## What needs to be done
Without copying any picture, transcribe exactly the lines of the data below from the one containing "公害登録を行った患者様は、外来診療録の保険で「公害」を選択できます" through the one containing "大乐透2026042期天下无贼后区杀号图谜 10中9".

## Raw data
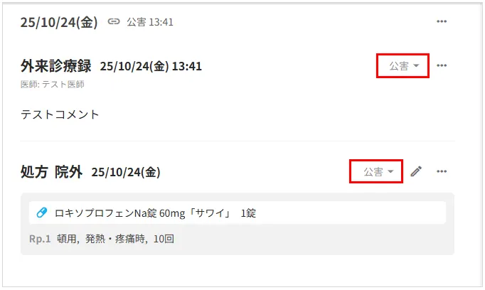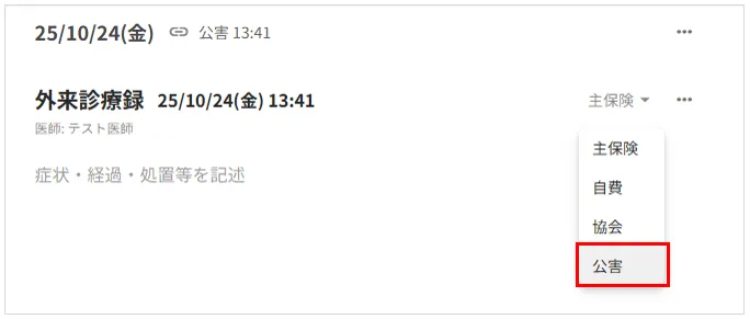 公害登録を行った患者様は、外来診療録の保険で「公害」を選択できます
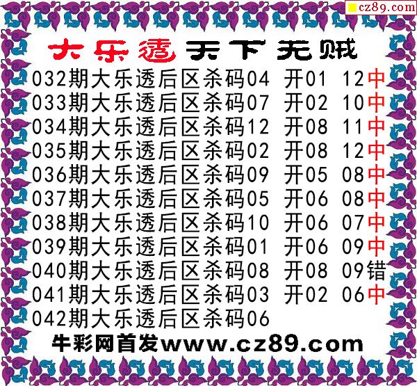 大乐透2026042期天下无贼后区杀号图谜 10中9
...
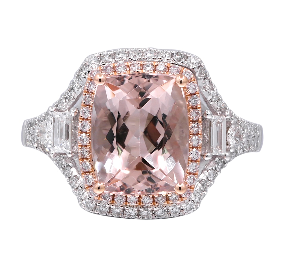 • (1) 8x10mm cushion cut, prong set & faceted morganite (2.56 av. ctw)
...
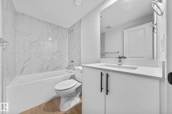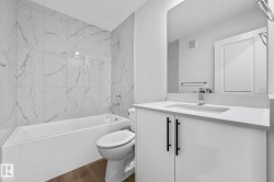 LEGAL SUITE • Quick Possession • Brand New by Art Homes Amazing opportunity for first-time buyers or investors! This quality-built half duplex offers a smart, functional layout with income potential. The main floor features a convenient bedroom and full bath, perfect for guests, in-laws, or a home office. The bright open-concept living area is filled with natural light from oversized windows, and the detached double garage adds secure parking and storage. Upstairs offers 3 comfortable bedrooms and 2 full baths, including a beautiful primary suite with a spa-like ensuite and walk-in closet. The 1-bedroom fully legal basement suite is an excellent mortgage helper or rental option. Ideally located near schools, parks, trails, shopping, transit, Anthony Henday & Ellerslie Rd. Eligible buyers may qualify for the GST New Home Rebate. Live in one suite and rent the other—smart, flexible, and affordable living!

## Reply to the task
 公害登録を行った患者様は、外来診療録の保険で「公害」を選択できます
 大乐透2026042期天下无贼后区杀号图谜 10中9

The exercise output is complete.